Письмо

Михаил Марусин
1
Вы не упрекнёте меня в неискренности,
от мешка моих дум ни пылинки выгоды.
Мне эту мечту, этот каприз нести
до самого края, во все возможные выходы.

Что это будет – награда ли циррозная,
внезапная кода мерного уца-туца,
а, может быть, ночью выйду курить по морозу, и,
стараниями шпаны, позабуду вернуться.

Когда это будет – сегодня или завтра,
а, может, случилось, а я экспонатом оставлен,
и солнечный свет оттеняю носато
от тех, кто дышит с вами одним небесным составом.

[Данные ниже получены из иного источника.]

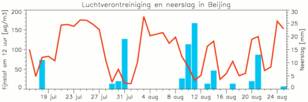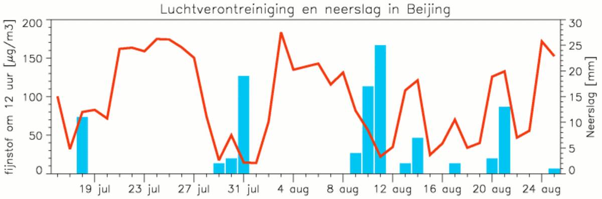 Het viel mee met de smog in Beijing tijdens de Olympische Spelen. De regen heeft ervoor gezorgd dat de concentraties aan fijnstof tijdens de Spelen op geen enkele dag tot extreem hoge waarden, die normaal in droge periodes worden gemeten, konden oplopen. Neerslag is een bepalende factor in de concentratie fijn stof en ozon, omdat het de lucht letterlijk schoonspoelt. De vraag is in hoeverre de luchtkwaliteitsmaatregelen van de lokale overheid ook een rol hebben gespeeld, maar duidelijk is dat de regenbuien een gunstig effect hebben gehad.

Вы не упрекнёте меня в безумии –
впрочем, у вас безупречное воспитаньице,
тем более, эту тираду несу не я,
а тот, кто после меня останется.

Ведь, как ни травись базарными опятами,
ванной метила и смолами сигаретными –
не унести в могилу необъятное,
не забросать Везувий кубометрами.

Там, где пока тук-тук, зияет рытвина,
время её овражит, а не рубцует.
Но это письмо лишь для того нарыдано,
чтоб не звучали вы далее, более, всуе.

В этой ли банке с крышкою залюстренной,
там ли, за дверью, где солнце – такая же милость,
я, по старинке тыкая, молюсь тебе,
чтобы спасла-сохранила-забылась.

Это письмо – попытка выкрутить, выжать и
выкрасить бледный вид хотя бы спереди.
Вы до того, как прочтёте, услышите,
вы до того, как поймёте, поверите –

я так хочу.

2
Темноту выгребает дворница.
Чайник, носатый близнец, завывает о чайнице.
Утро бежит, кукуется и диньдонится
каждые пять минут, а зима не кончается.

Снова неделя до марта, полгода до плюса,
и ледяные ОМОНовские глазницы.
Этой зимой Наполеон проснулся,
чтобы сорвать эполеты и застрелиться.

Я спасаю чайник – чик,
лопачу залежи
непропиваемой памяти, и вспоминаю,
что в пятом году зима была такая же –
от Рождества до самого Первомая.

И так же хлестала метель, и тянули гирево
полтонны поддёвок, и настом пилило колени,
когда язык впервые довёл до Киева
и там онемел, прикушенный удивлением.

Я трогал Киев руками – он отвечал.
Я помнил каждое дерево, каждое имя.
Я жил в нём ещё до начала начал,
до первого крика, до ножниц на пуповине.

Я знал на Подоле каждую тропу,
я был у себя.
И в том ли вина моя, Боже,
что в пятом году, без исповеди попу,
я понял, что смерти нет, и быть не может.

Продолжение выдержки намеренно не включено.